# TRY IT:
A faithful copy of the data, pictures omitted, is the required answer.

# EXCERPTED DATA:
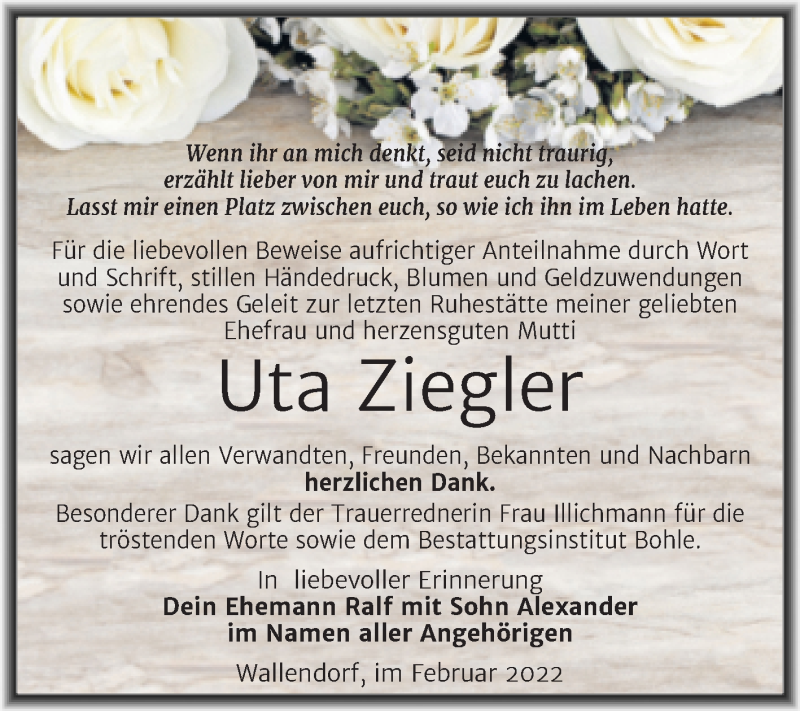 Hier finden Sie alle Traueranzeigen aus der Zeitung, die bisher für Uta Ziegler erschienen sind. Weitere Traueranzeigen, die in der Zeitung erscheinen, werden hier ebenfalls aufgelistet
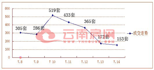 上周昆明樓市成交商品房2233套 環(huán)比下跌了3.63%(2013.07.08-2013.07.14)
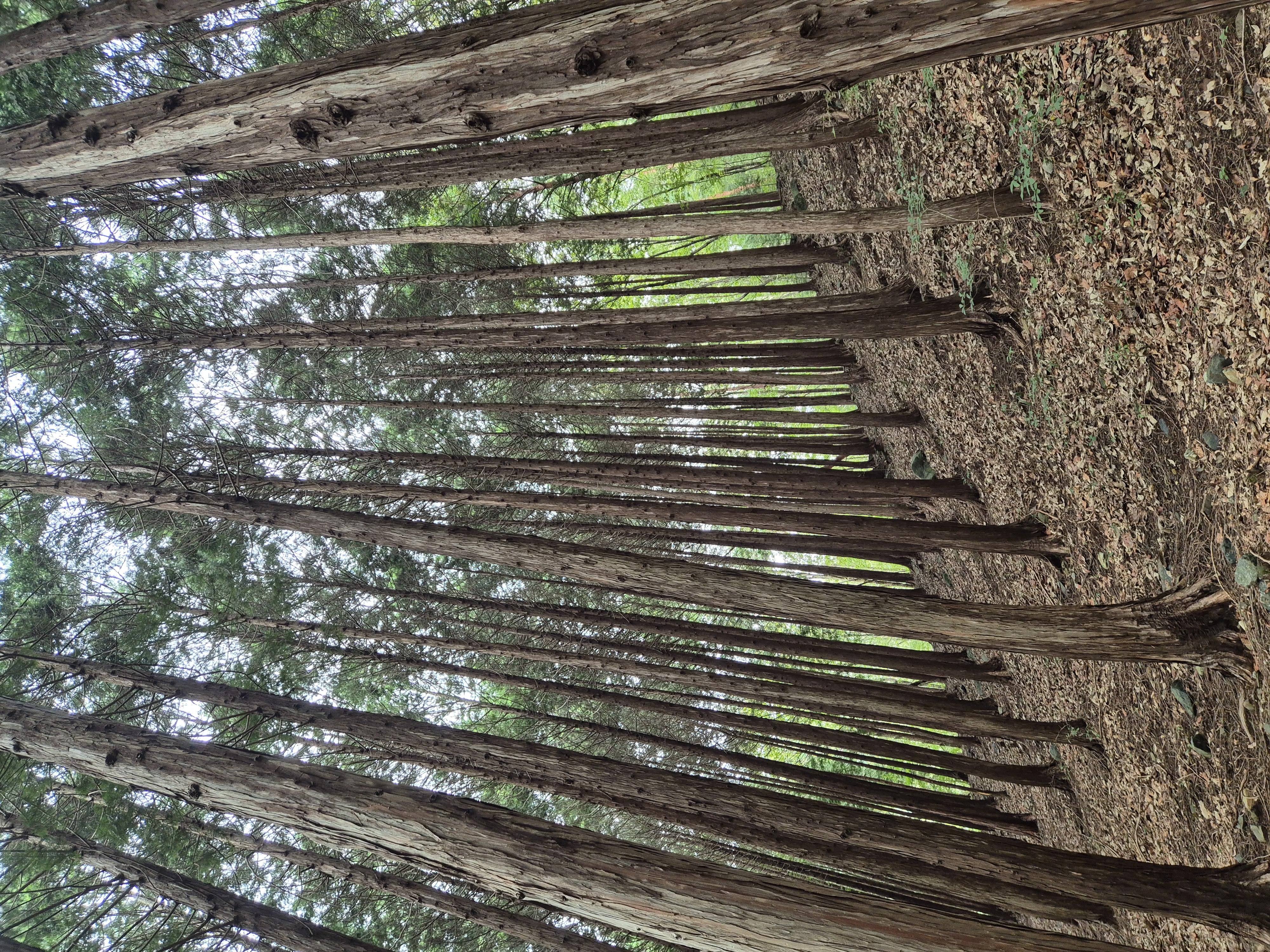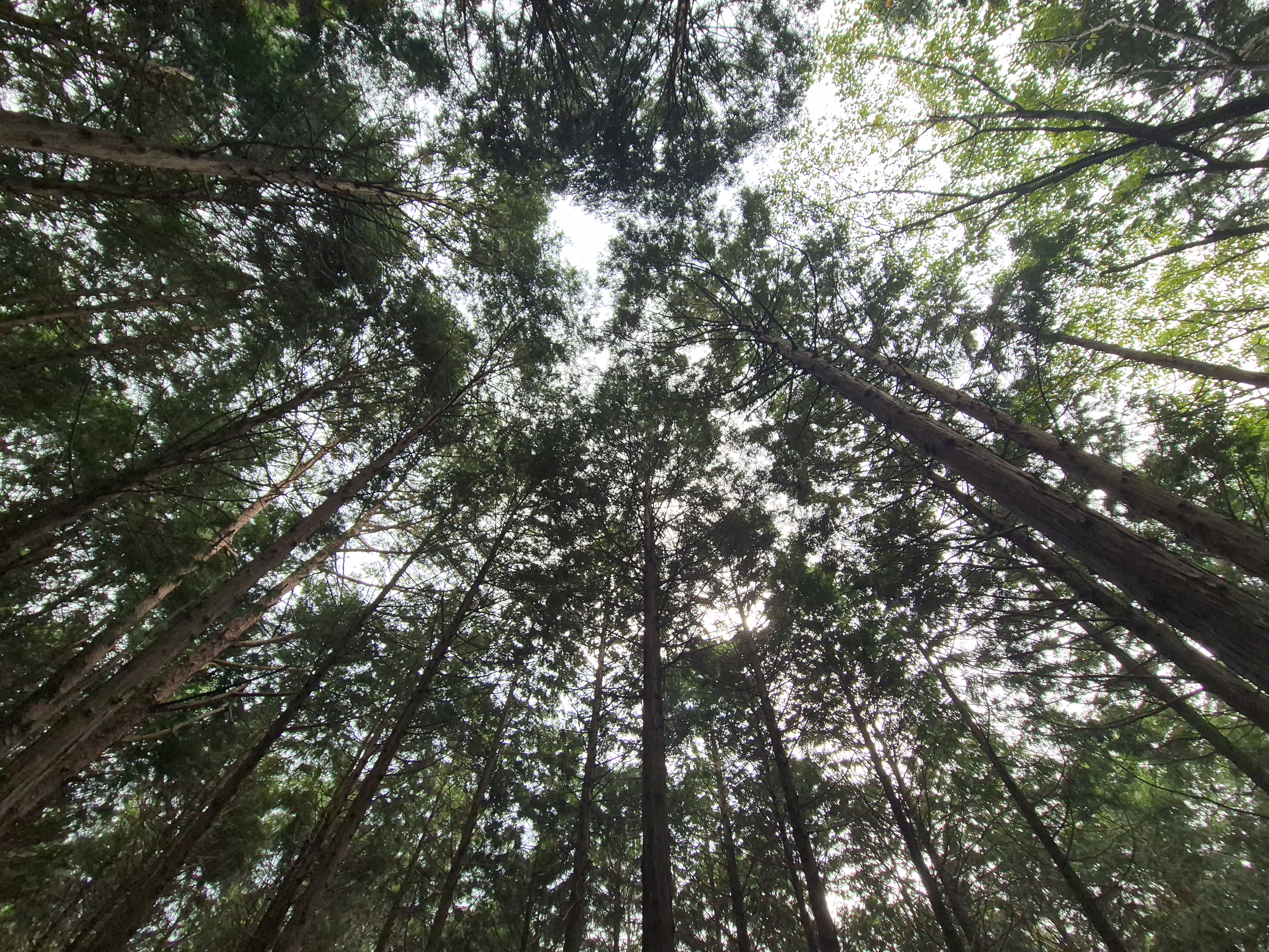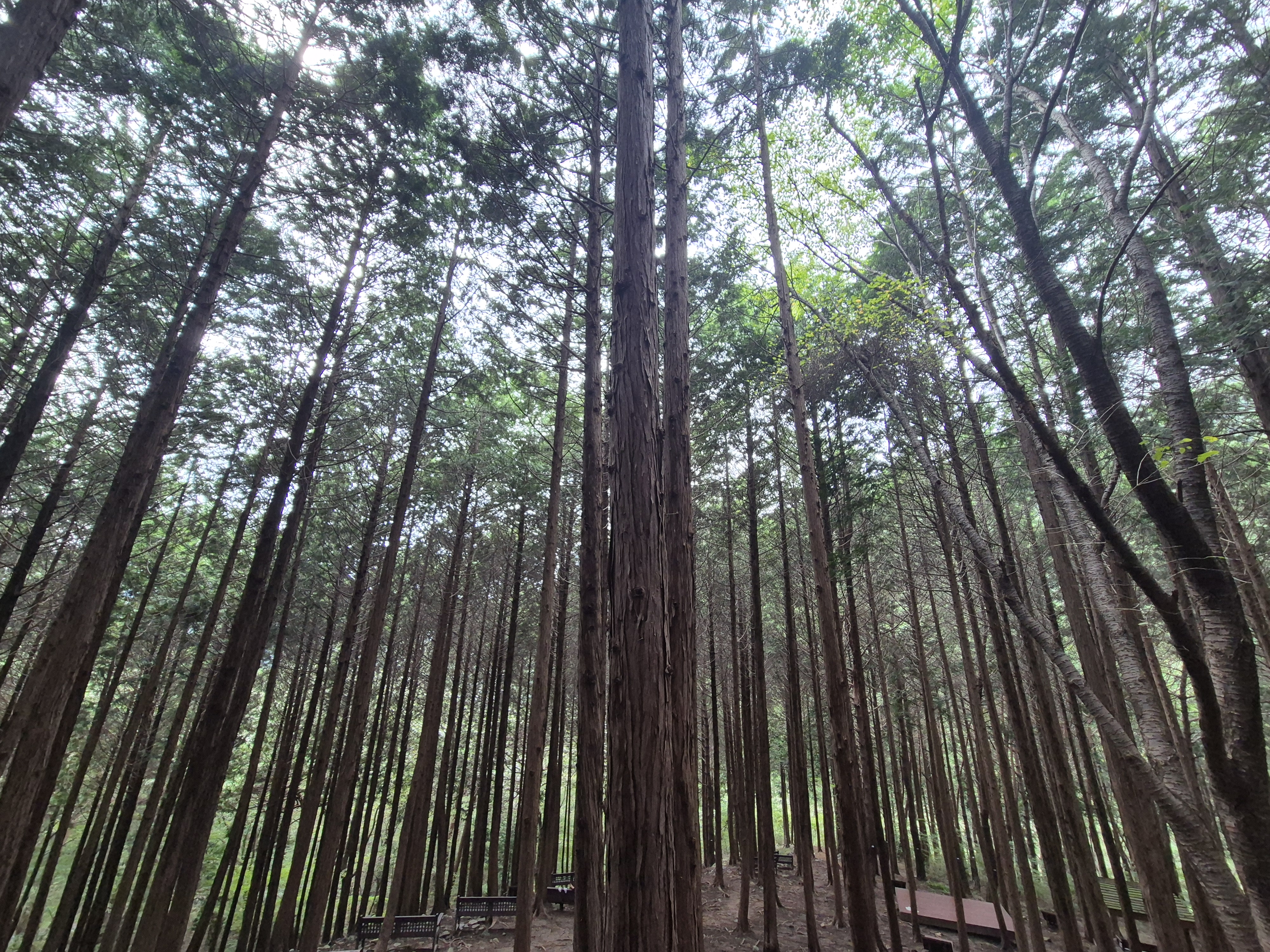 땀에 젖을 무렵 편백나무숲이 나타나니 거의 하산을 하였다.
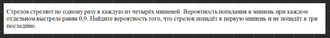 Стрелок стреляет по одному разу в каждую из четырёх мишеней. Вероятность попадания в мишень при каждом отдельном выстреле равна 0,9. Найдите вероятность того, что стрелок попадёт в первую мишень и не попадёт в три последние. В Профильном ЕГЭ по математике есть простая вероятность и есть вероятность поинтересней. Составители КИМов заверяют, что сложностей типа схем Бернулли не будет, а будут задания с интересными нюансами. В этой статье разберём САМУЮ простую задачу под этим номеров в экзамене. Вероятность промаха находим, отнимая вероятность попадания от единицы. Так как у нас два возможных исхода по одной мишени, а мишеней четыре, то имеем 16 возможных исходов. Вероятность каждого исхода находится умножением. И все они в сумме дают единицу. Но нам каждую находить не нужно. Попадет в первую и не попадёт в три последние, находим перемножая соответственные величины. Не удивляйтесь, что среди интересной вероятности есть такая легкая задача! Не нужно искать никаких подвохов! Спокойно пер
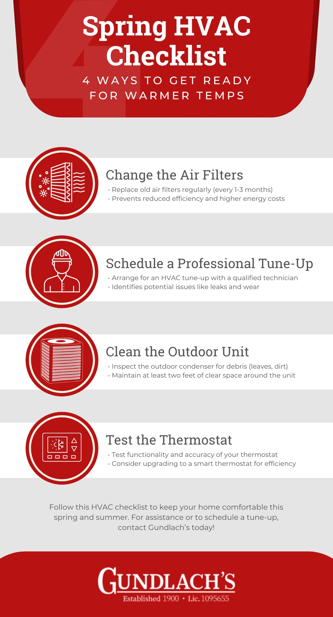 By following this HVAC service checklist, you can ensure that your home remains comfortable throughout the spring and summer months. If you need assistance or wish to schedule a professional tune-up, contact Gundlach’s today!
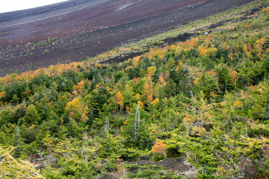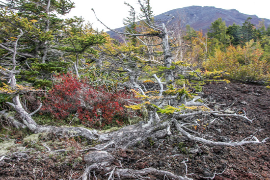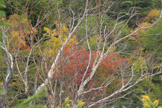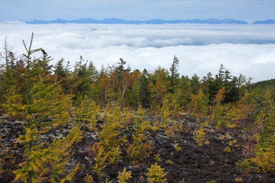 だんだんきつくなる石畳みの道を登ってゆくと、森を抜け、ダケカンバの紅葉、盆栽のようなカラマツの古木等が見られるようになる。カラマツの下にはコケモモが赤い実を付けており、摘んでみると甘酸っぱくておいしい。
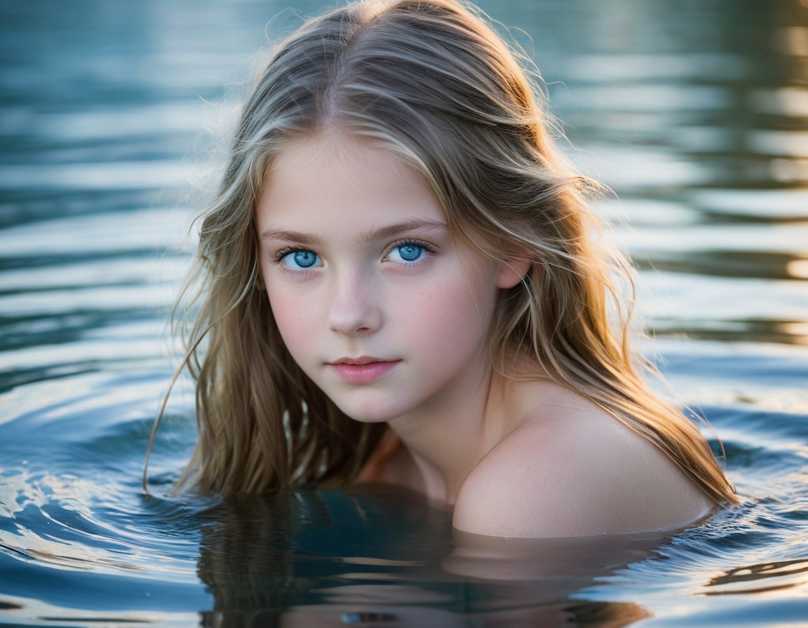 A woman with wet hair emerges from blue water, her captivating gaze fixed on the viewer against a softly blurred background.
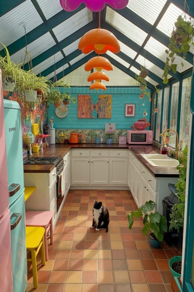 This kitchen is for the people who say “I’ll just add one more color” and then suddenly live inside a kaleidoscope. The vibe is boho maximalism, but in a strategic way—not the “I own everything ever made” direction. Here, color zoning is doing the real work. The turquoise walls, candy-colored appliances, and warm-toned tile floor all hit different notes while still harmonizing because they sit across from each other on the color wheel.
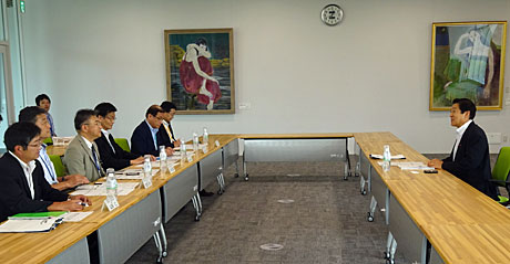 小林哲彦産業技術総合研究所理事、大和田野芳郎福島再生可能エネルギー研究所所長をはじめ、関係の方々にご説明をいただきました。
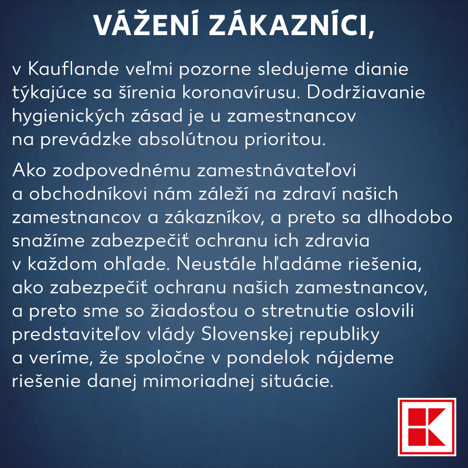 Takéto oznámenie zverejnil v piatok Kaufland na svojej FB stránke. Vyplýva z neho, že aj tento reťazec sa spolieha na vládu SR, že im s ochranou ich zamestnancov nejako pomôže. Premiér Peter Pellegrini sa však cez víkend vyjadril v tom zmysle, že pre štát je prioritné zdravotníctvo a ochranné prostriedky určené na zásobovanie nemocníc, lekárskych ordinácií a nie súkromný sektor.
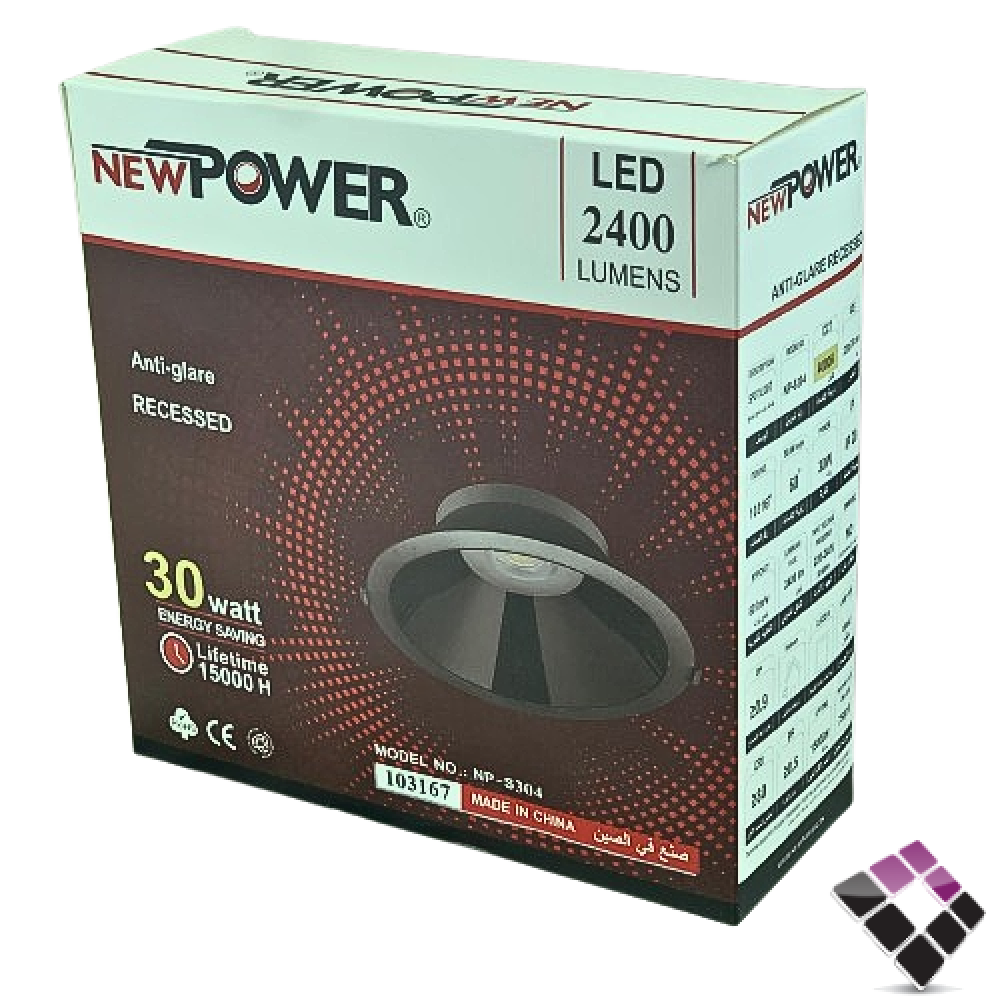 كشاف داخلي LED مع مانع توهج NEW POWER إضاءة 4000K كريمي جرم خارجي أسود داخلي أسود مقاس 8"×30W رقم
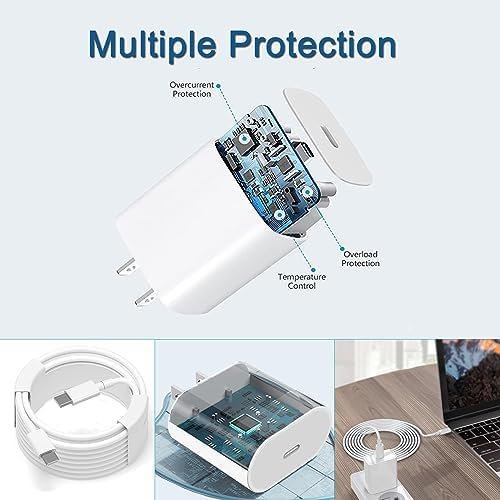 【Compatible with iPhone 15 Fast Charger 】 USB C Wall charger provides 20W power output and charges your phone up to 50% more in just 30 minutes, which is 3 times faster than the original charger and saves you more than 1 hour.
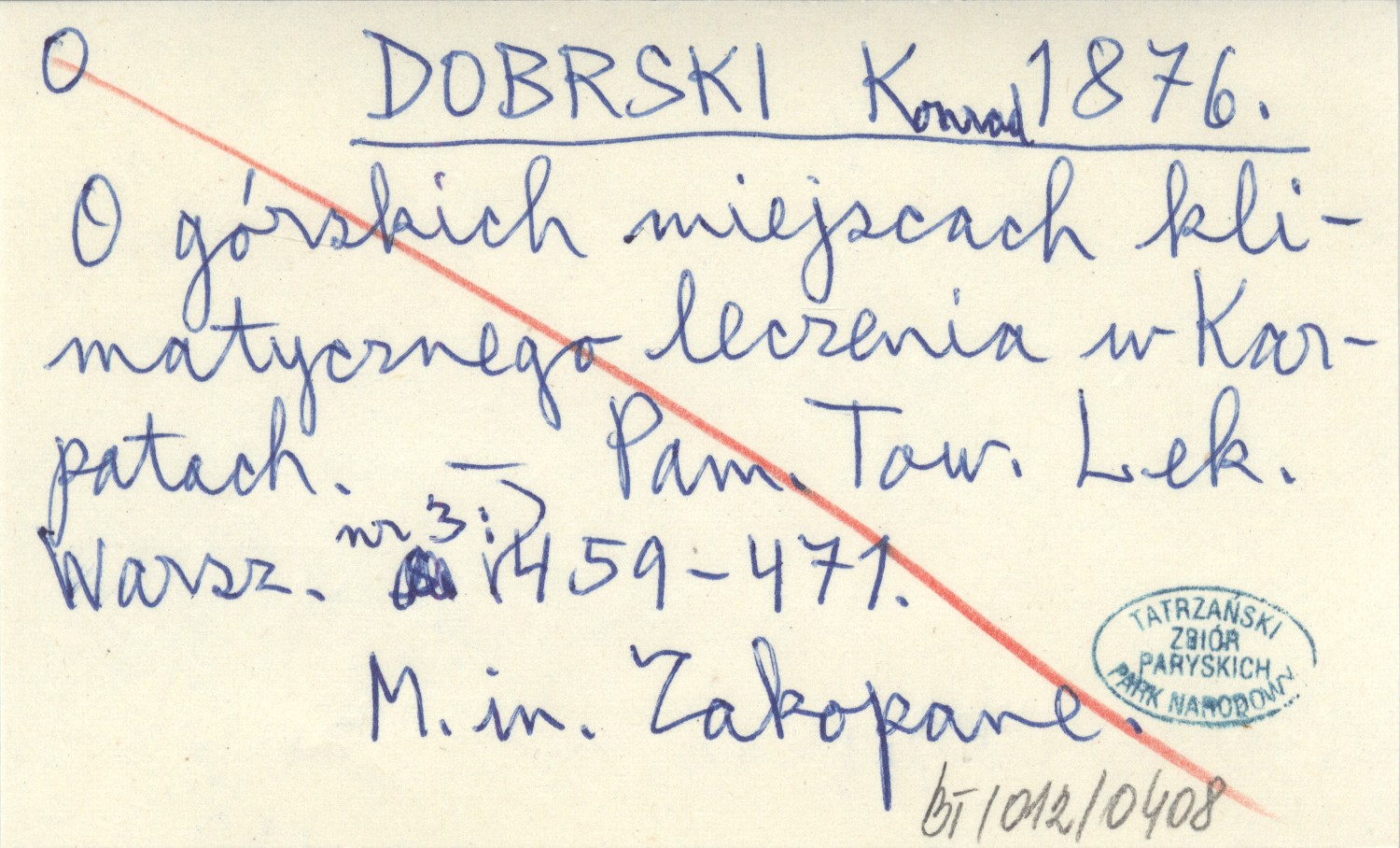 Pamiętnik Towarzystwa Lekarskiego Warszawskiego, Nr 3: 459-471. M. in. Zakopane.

# COMPLETED TASK:
 Hier finden Sie alle Traueranzeigen aus der Zeitung, die bisher für Uta Ziegler erschienen sind. Weitere Traueranzeigen, die in der Zeitung erscheinen, werden hier ebenfalls aufgelistet
 上周昆明樓市成交商品房2233套 環(huán)比下跌了3.63%(2013.07.08-2013.07.14)
 땀에 젖을 무렵 편백나무숲이 나타나니 거의 하산을 하였다.
 Стрелок стреляет по одному разу в каждую из четырёх мишеней. Вероятность попадания в мишень при каждом отдельном выстреле равна 0,9. Найдите вероятность того, что стрелок попадёт в первую мишень и не попадёт в три последние. В Профильном ЕГЭ по математике есть простая вероятность и есть вероятность поинтересней. Составители КИМов заверяют, что сложностей типа схем Бернулли не будет, а будут задания с интересными нюансами. В этой статье разберём САМУЮ простую задачу под этим номеров в экзамене. Вероятность промаха находим, отнимая вероятность попадания от единицы. Так как у нас два возможных исхода по одной мишени, а мишеней четыре, то имеем 16 возможных исходов. Вероятность каждого исхода находится умножением. И все они в сумме дают единицу. Но нам каждую находить не нужно. Попадет в первую и не попадёт в три последние, находим перемножая соответственные величины. Не удивляйтесь, что среди интересной вероятности есть такая легкая задача! Не нужно искать никаких подвохов! Спокойно пер
 By following this HVAC service checklist, you can ensure that your home remains comfortable throughout the spring and summer months. If you need assistance or wish to schedule a professional tune-up, contact Gundlach’s today!
 だんだんきつくなる石畳みの道を登ってゆくと、森を抜け、ダケカンバの紅葉、盆栽のようなカラマツの古木等が見られるようになる。カラマツの下にはコケモモが赤い実を付けており、摘んでみると甘酸っぱくておいしい。
 A woman with wet hair emerges from blue water, her captivating gaze fixed on the viewer against a softly blurred background.
 This kitchen is for the people who say “I’ll just add one more color” and then suddenly live inside a kaleidoscope. The vibe is boho maximalism, but in a strategic way—not the “I own everything ever made” direction. Here, color zoning is doing the real work. The turquoise walls, candy-colored appliances, and warm-toned tile floor all hit different notes while still harmonizing because they sit across from each other on the color wheel.
 小林哲彦産業技術総合研究所理事、大和田野芳郎福島再生可能エネルギー研究所所長をはじめ、関係の方々にご説明をいただきました。
 Takéto oznámenie zverejnil v piatok Kaufland na svojej FB stránke. Vyplýva z neho, že aj tento reťazec sa spolieha na vládu SR, že im s ochranou ich zamestnancov nejako pomôže. Premiér Peter Pellegrini sa však cez víkend vyjadril v tom zmysle, že pre štát je prioritné zdravotníctvo a ochranné prostriedky určené na zásobovanie nemocníc, lekárskych ordinácií a nie súkromný sektor.
 كشاف داخلي LED مع مانع توهج NEW POWER إضاءة 4000K كريمي جرم خارجي أسود داخلي أسود مقاس 8"×30W رقم
 【Compatible with iPhone 15 Fast Charger 】 USB C Wall charger provides 20W power output and charges your phone up to 50% more in just 30 minutes, which is 3 times faster than the original charger and saves you more than 1 hour.
 Pamiętnik Towarzystwa Lekarskiego Warszawskiego, Nr 3: 459-471. M. in. Zakopane.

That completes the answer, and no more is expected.